About parol
parol is a LL(k) parser generator for Rust written in Rust with the following features
- Generated parsers are table driven. They are no bunch of recursive functions as often seen in practice. Instead they are true push down automata (PDAs).
- Generated parsers are predictive, i.e. they implement a non-backtracking parsing technique. This often results in much faster parsers.
- Generated parsers use a flexible lookahead for each non-terminal; they use only as much lookahead as needed.
- Generated parsers are clean and easy to read. Terminal names are automatically deduced from the grammar description.
- Rule selection is done by one deterministic finite lookahead automaton for each non-terminal.
- The lexer and the parser is generated from one single grammar description file. Semantic actions are strictly separated from the grammar definition.
- Sematic actions are generated for each production as stubs in a special trait with empty default implementations. The user can implement this trait for his grammar processing item and overwrite needed actions. This provides a loose coupling between your language definition and the language processing.
- The grammar description is provided in a Bison/Yacc-like style with additional features known from EBNF such as grouping, optional elements and repetitions.
- The grammar description supports definition of language comments via %line_comment and %block_comment declarations.
- The crate provides several tools for grammar analysis, transformation and parse tree visualization to support your grammar implementation.
- The parser generator detects direct and indirect left recursions in your grammar description.
This project contains some introductory grammar examples from entry level up to a more complex C-like expression language and an acceptor for Oberon-0 grammar.
Two of the examples describe the principles of language processing by using semantic actions in the way parol advocates it.
Last but not least parol's parser for its own input language is generated by parol itself.

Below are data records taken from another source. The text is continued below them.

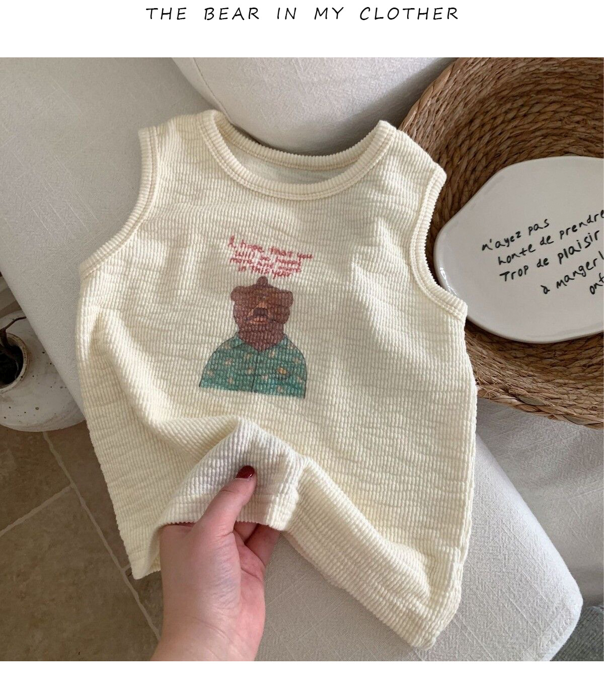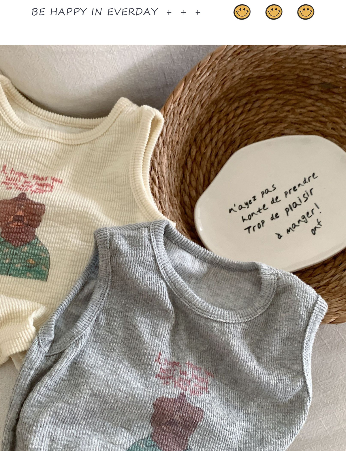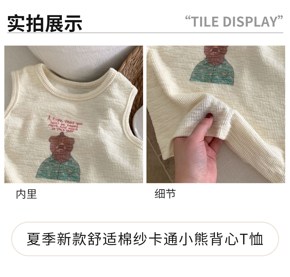 한국 여름 새로운 스타일 2025 만화 영어 곰 편안한 조끼 티셔츠 다목적 캐주얼 부드러운 피부 친화적 인 민소매 티셔츠
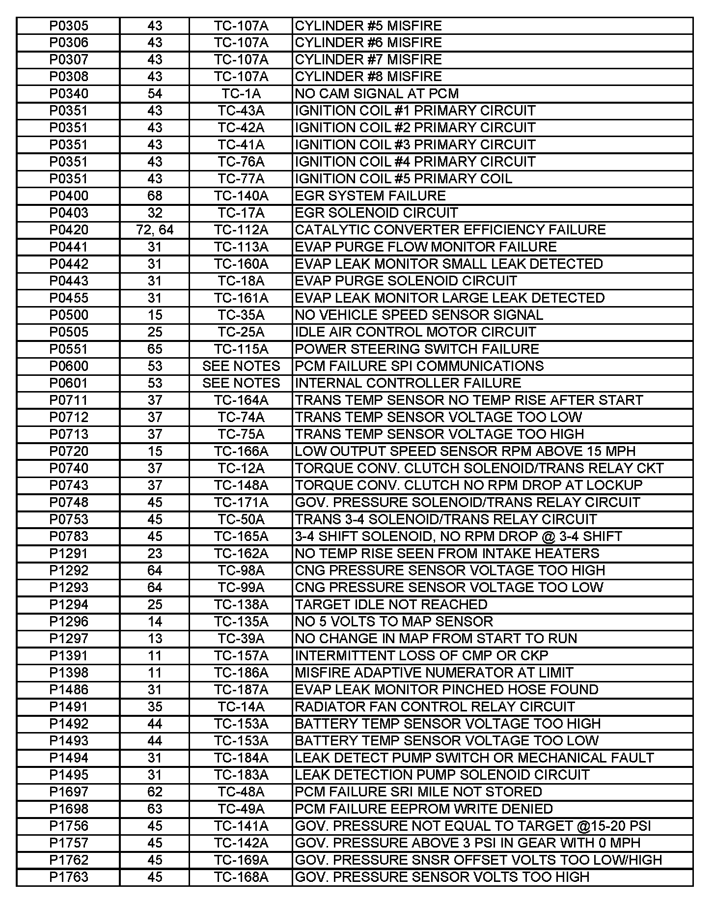 P1764 - P1899 And 2 Digit Codes With No Corresponding P Code-Match Code Description For Proper Chart (Includes Notes):
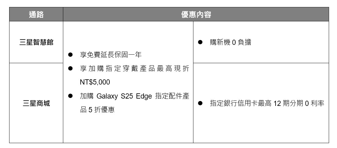 三星也公布了【Galaxy S25 Edge預購方案】
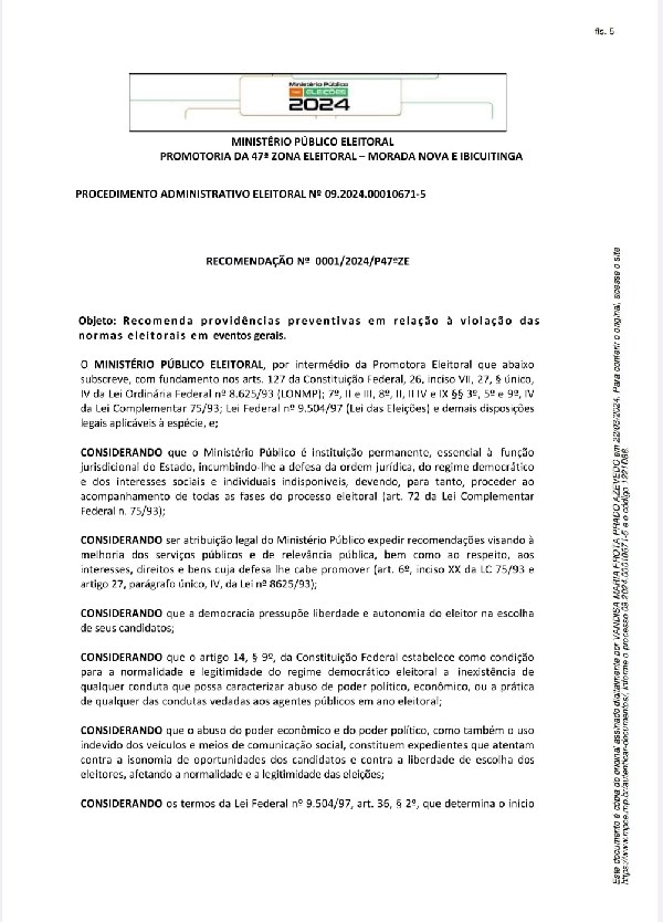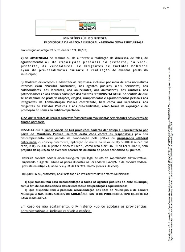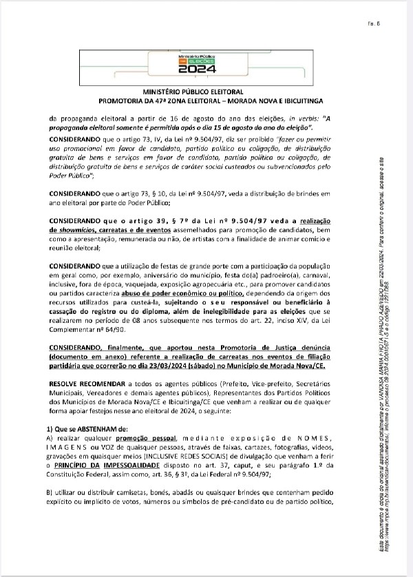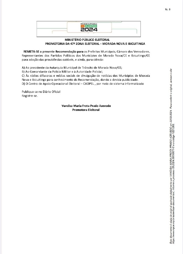 De ordem da Dra. Vandisa Maria Frota Prado Azevedo, Promotora de Justiça da 47ª Zona Eleitoral de Morada Nova/Ibicuitinga, encaminho, para fins de divulgação nas redes sociais, Recomendação Ministerial Eleitoral nº 0001/2024/P47ªZE, recomendando providências preventivas em relação à violação das normas eleitorais nos eventos de filiação partidária e demais eventos de caráter político, inclusive eventual infração a proibição de propaganda antecipada.

So this application of language processing is an additional and very practical example.
It's worth mentioning that there exists another opportunity to process the parse result.
The parse tree the parser generates can be processed by user created tools too. So no one is tied to parol's approach to semantic actions although this approach is easy and compelling.
How parol works
parol first transforms the input grammar into an expanded form where optional expressions, groups and repetitions are substituted by equivalent production sets. Then it analyzes this pre-transformed input grammar for several properties that prevent a successful processing. Those properties are
- Left-recursions
- Non-productive non-terminals
- Unreachable non-terminals
If there are no objections against the input grammar the next step is to left-factor the grammar that was produced by the previous expansion. This step is crucial for decreasing the number of necessary lookahead symbols.

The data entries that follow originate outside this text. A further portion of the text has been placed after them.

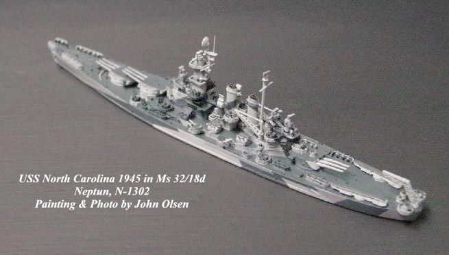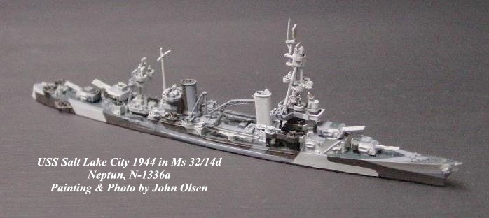 Apart from a few minor errors in detail, Neptun models are usually accurate enough to fix the specific time period represented for any given ship down to the exact month. This is especially important for WWII ships because camouflage measures were frequently changed, particularly during yard periods, when other minor changes in radar and AA fits were made. Correlating the details of the model with those shown on photos is essential in determining whether, for instance, Neptun's CV Ticonderoga should be painted in a MS32/10A pattern (carried in late 1944) or the solid Navy Blue of MS21 (applied at Puget Sound in April, 1945). The Neptun model portrays the ship after her refit of Jan-Apr, 1945, during which, among other changes, the sponsons for the 40mm AA on the starboard side of the ship below the island had been removed; therefore my model appears in MS21. However, 10A is such a neat pattern that I took my old Trident/alpha Ticonderoga (the 1944 version) and painted her up as the Shangra La, which also carried 10A at that time.
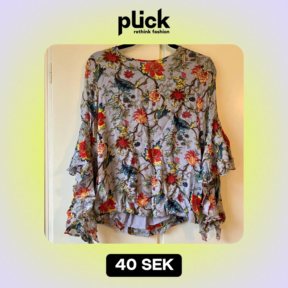 Ljusblå, blommig blus med volanger. Jättefin blus som passar till alla sammanhang! Krusiga volanger ger den en whimsical känsla.
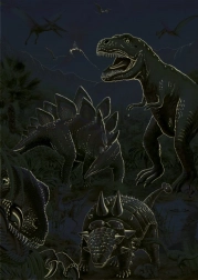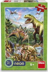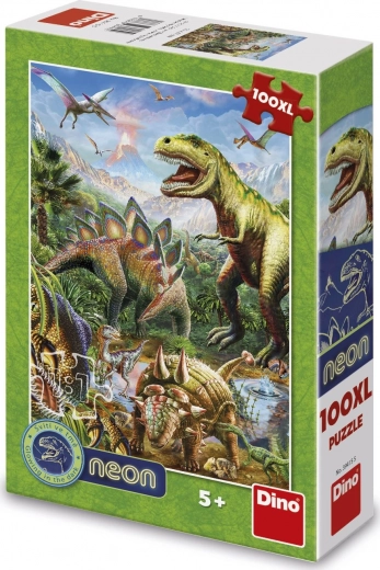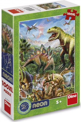 Otkrivajte svijet dinosaura uz ovu nevjerojatnu neon puzzle! Vaše dijete će uživati u zabavnom slaganju s neonskim elementima koji svijetle u mraku i prikazuju obrise dinosaura zajedno s dramatičnim planinskim krajolikom u pozadini.
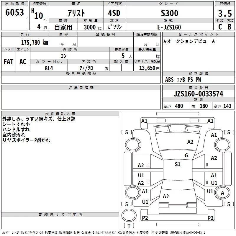 Toyota ARISTO с аукциона Японии TAA Minami Kyushu лот № 6053

This finally transformed grammar is the basis for the parser generation and can or better should be written to file for later reference. By convention this expanded grammar is stored to files names <original-name>-exp.par. Thus it is often useful to use this expanded grammar with any tool, because it is checked and left-factored. Also because this processed grammar is the basis for parser generation, you have to use it in this form in your grammar processing backend.
The actual parser generation then starts witch generating the lookahead automata for the non-terminals. In this phase it determines if the grammar is LL(k) for k starting with 1 and increasing it by one until a solution is found or the maximum lookahead size is exceeded. If your grammar is more than LL(5) the needed amount of processing power and memory consumption makes it inefficient to work with. In such a case you should rework your grammar design thoroughly. Or you can use a super fast machine to generate your parser's sources and compile and run the generated parser on an ordinary one. Internally the maximum lookahead size is currently limited to 10 though.
To determine if your grammar is LL(k) parol generates equation systems for both FIRST(k) and FOLLOW(k) sets and tries to solve them iteratively until a fix point is reached which indicates the solution. This is the most expensive task for parol.
If a solution is found parol generates all necessary data to feed the scanner and parser with. Based on this data parol then generates two source files.
The first one contains all scanner and parser data. The second one provides two traits. The first of these traits is important for the user's grammar processing. It contains for each production an empty default implementations of the corresponding semantic action. The semantic actions of the user can be provided by implementing this trait and providing own implementations for any production needed. The trait's name can be defined per command line argument.
The second trait in this file provides bindings of semantic actions so that the parser can call them via production number during parse time. It's name is always UserActionsTrait.
Dependencies
Parsers generated by parol have to add a dependency to the parol_runtime crate which provides the scanner and parser implementations needed. The parol_runtime crate is very lightweight.